■ Aim of the exercise: In the records below, find the line containing "Všechny prostory jsou" and the line containing "광주시 자원봉사자, 군"; please repeat exactly the lines from one to the other, both included, and nothing more.

■ Dataset content:
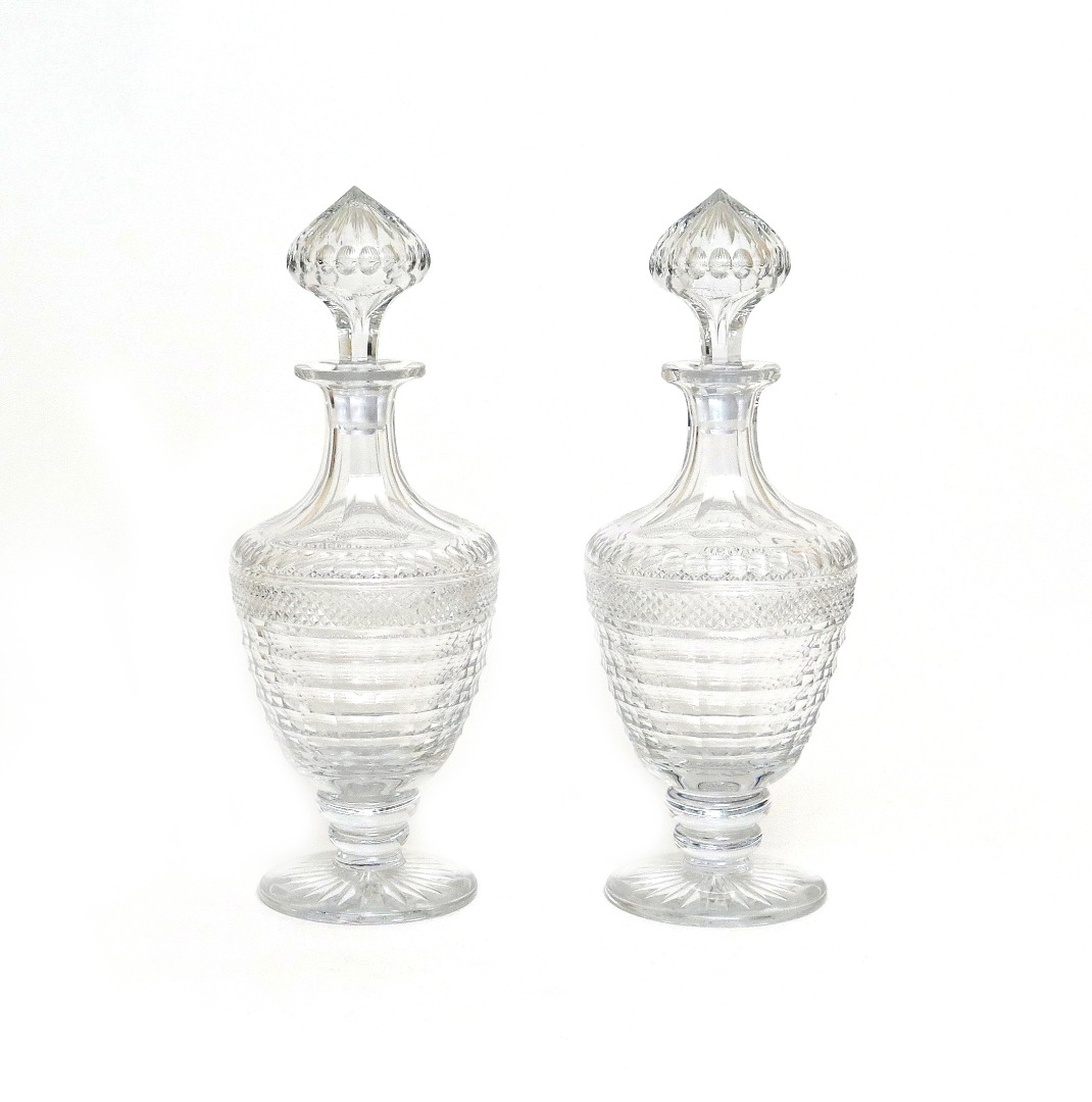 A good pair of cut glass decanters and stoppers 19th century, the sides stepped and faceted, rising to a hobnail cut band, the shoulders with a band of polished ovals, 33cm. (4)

...

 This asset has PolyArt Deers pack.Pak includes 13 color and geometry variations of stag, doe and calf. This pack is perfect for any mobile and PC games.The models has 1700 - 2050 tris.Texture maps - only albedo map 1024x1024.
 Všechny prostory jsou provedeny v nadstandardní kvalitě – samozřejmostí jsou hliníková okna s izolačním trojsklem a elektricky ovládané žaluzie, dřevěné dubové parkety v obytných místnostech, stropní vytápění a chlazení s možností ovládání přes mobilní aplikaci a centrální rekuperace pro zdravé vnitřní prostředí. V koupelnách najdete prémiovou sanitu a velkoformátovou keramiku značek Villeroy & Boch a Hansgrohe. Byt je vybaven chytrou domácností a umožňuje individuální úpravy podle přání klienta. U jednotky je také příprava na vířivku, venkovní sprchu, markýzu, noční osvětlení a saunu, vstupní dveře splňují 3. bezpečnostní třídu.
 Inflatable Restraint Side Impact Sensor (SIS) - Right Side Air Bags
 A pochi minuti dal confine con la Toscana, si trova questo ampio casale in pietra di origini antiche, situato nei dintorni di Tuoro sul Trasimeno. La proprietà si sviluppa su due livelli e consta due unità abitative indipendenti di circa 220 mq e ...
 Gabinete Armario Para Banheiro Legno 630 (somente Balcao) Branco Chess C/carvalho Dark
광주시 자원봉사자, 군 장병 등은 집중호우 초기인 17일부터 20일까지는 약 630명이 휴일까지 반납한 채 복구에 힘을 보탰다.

■ Completed exercise:
 Všechny prostory jsou provedeny v nadstandardní kvalitě – samozřejmostí jsou hliníková okna s izolačním trojsklem a elektricky ovládané žaluzie, dřevěné dubové parkety v obytných místnostech, stropní vytápění a chlazení s možností ovládání přes mobilní aplikaci a centrální rekuperace pro zdravé vnitřní prostředí. V koupelnách najdete prémiovou sanitu a velkoformátovou keramiku značek Villeroy & Boch a Hansgrohe. Byt je vybaven chytrou domácností a umožňuje individuální úpravy podle přání klienta. U jednotky je také příprava na vířivku, venkovní sprchu, markýzu, noční osvětlení a saunu, vstupní dveře splňují 3. bezpečnostní třídu.
 Inflatable Restraint Side Impact Sensor (SIS) - Right Side Air Bags
 A pochi minuti dal confine con la Toscana, si trova questo ampio casale in pietra di origini antiche, situato nei dintorni di Tuoro sul Trasimeno. La proprietà si sviluppa su due livelli e consta due unità abitative indipendenti di circa 220 mq e ...
 Gabinete Armario Para Banheiro Legno 630 (somente Balcao) Branco Chess C/carvalho Dark
광주시 자원봉사자, 군 장병 등은 집중호우 초기인 17일부터 20일까지는 약 630명이 휴일까지 반납한 채 복구에 힘을 보탰다.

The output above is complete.